After Jenny brings a drunk Tom home very late at night, she encounters Caroline sneaking in. They wake up an irritable, ailing Olaf, so Caroline introduces her as Sylvia's friend from college. Jenny prescribes traditional Swedish remedies, which soon make Olaf much pleasanter. When Brooke shows up the next morning, he is flabbergasted to find she is a houseguest ... and one of Sylvia's bridesmaids. She soon becomes a great favorite of Olaf's. He would be very pleased to have Tom marry her.

Crises abound. First, Schultz comes for his money. Jenny keeps him from seeing Olaf, who knows nothing about Tom's debt, and promises to pay him tomorrow. Next, Dennis injures a man while driving; Sylvia is a passenger and gives her name as Jenny Swanson to avoid scandal. She asks Jenny to play along, so Jenny demands $5000 to do it. That takes care of Tom's IOUs. When she learns that Paul and Caroline plan to elope, Jenny arranges it so that Caroline learns the truth: that Paul is only after her wealth. Then, Olaf announces Tom and Jenny's engagement at his party. Finally, an attorney representing the injured man barges in to speak to Olaf, followed a little later by the Daytons, who have their own quarrel with Olaf. Olaf gathers his family together to figure out what is going on.
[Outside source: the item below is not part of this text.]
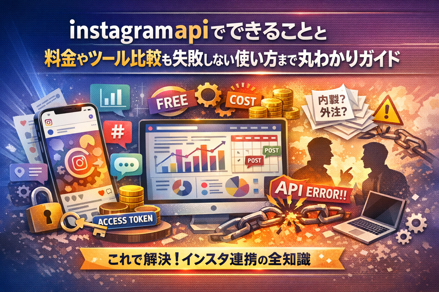 Instagram APIで投稿取得やデータ取得、自動投稿まで一気に進めたいのに、「instagram graph api」「インスタ api できること」「料金やツール比較」を調べても、断片的な情報ばかりで設計の判断材料が揃わないまま進行していませんか。実際のトラブルは、仕様よりもアカウントと権限設計やアクセストークン運用の甘さから発生し、気付いたらWebサイトのfeed instagram apiが真っ白、担当退職でfacebook api instagram連携に誰もログインできない、といった形で現れます。さらに「Instagram APIは無料」という言葉だけを信じて動くと、要件定義や検証、障害対応にかかる工数が静かにコストを押し上げます。この記事では、instagram apiとは何かから、Instagram Graph APIで本当に取得できる情報、自動投稿の現実的なライン、api連携と無料ツール・有料SNS管理ツール・自社開発の損益分岐点まで、中小企業の現場で実際に起きたパターンを基準に整理します。そのうえで、エンジニアに渡せる要件テンプレと、内製か外注かを即決するチェックポイントまで一気通貫で示します。読み終える頃には、「自社はどこまでinstagram apiを使い、どこからツールに任せるべきか」がはっきり言語化できるはずです。

Eventually, everything is straightened out: Sylvia gets Dennis, and Brooke gets Jenny.

==Cast==
- Melvyn Douglas as Ronald Brooke
- Joan Blondell as Jenny Swanson
- Walter Connolly as Olaf Brand
- Alan Curtis as Tom Brand
- Joan Perry as Sylvia Brand
- Isabel Jeans as Caroline Brand
- Stanley Brown as Ted Dayton Jr.
- Alexander D'Arcy as Paul Kingston
- Henry Hunter as Dennis Jeffers
- Clarence Kolb as Ted Dayton Sr.
- Howard Hickman as Jeffers
- Mary Field as Ada - Brand's Maid

== Production ==
The film was originally intended to star Charles Boyer and Jean Arthur. Arthur pulled out first, followed by Boyer. Boyer rejected the offer to star in Love Affair.

==Reception==
New York Times reviewer Frank Nugent was of the opinion that the cast was trying too hard, and "the general effect, consequently, is not so much that of an appeal to the humorous instinct of the onlooker as an attack upon it". P. S. Harrison rated it "a pretty good comedy" and advised exhibitors: "It should go over with the masses, for the light story presents no problems".